A followup to the last post about better understanding what goes on in meeting for business will probably take more than a few weeks, but it’s on the way. I feel like I need to do more reading before I do more writing. Really appreciating Howard Brinton’s Friends for 300 years, even if I don’t agree with everything he says. Chapter 6 on business meeting (”Reaching Decisions”) is available for free download (PDF) from Pendle Hill.
I’m also really appreciating an article by a New England YM young adult named Ethan Mitchell, who may or may not identify as a Friend; I met him probably in 2003 at NEYM, and bought a CD of his sister’s music from him, but haven’t heard tell of him since then. The article is called “Participation in Unanimous Decision-Making: The New England Monthly Meetings of Friends”. On the one hand, he and I are wanting to do very similar things — understand Quaker meeting for business better, not necessarily on traditional Quaker terms:
I want to invoke the anthropologist’s privilege to dutifully note, and then respectfully ignore, a group’s self-analysis.
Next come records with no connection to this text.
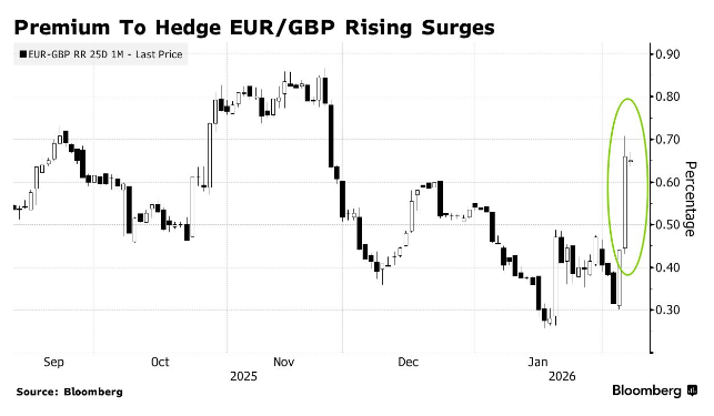 美国存托信托与清算公司的数据显示,2月5日,未来一个月英镑对欧元的下跌对冲溢价较上涨对冲溢价大幅攀升,创下去年11月末以来的最高水平;欧元兑英镑期权交易量也刷新年内峰值,其中押注英镑对欧元走弱的看涨期权交易量,较押注英镑升值的看跌期权高出50%。
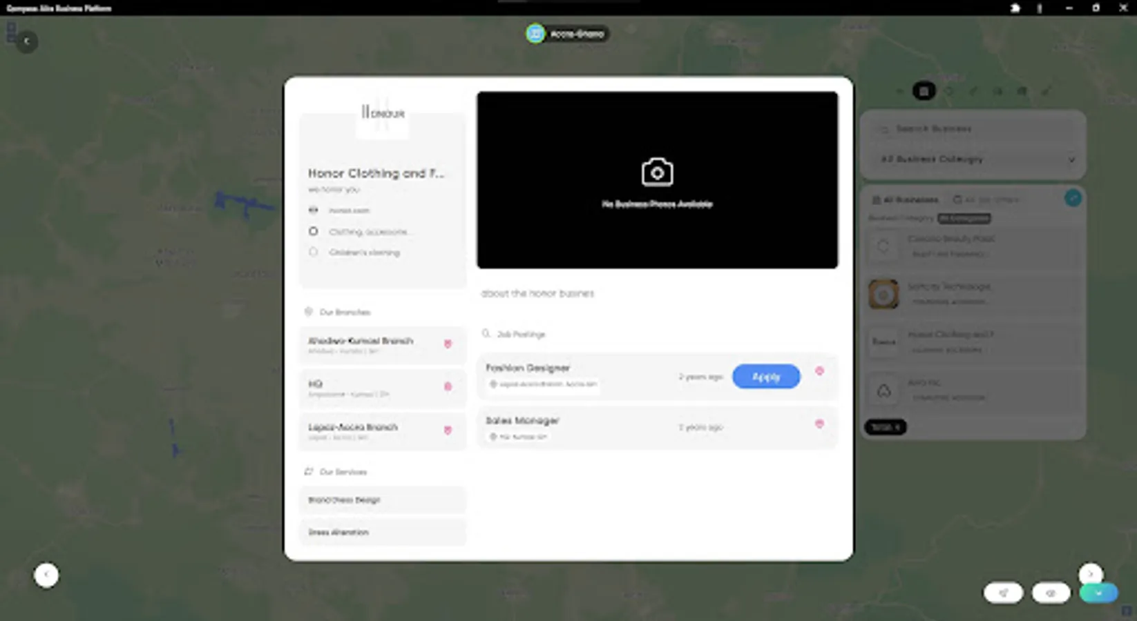 Whether you're looking for a restaurant, a hair salon, a mechanic, or any other type of business, Qompass has you covered. And if you're a business owner, you can register your business and services on Qompass, making it easy for customers to find you and learn about what you have to offer. Plus, Qompass also includes a job board where you can post or browse through job offers, making it a valuable resource for job seekers and employers alike. Try Qompass today and discover the power of our map-based platform for connecting businesses and customers.
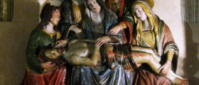 Questa composizione scultorea di terracotta dipinta si trova in una nicchia al di sopra dell'altare dell'Oratorio. Raffigura la Madonna che tiene tra le braccia il Cristo morto, circondata da San Giovanni e dalle tre Marie. Alcuni attribuiscono l'opera allo scultore cortonese Bernardino Covatti.

However we relate to the spiritual aspects of Quaker unity, it is manifested in a social process that we can observe, and in this case even quantify, to good purpose.
On the other hand, I don’t think he actually succeeds in capturing all the subtleties of good Quaker business process, starting with the title. More on that later perhaps. I still appreciate a lot of the article though, both the quantitative analysis and the commentary.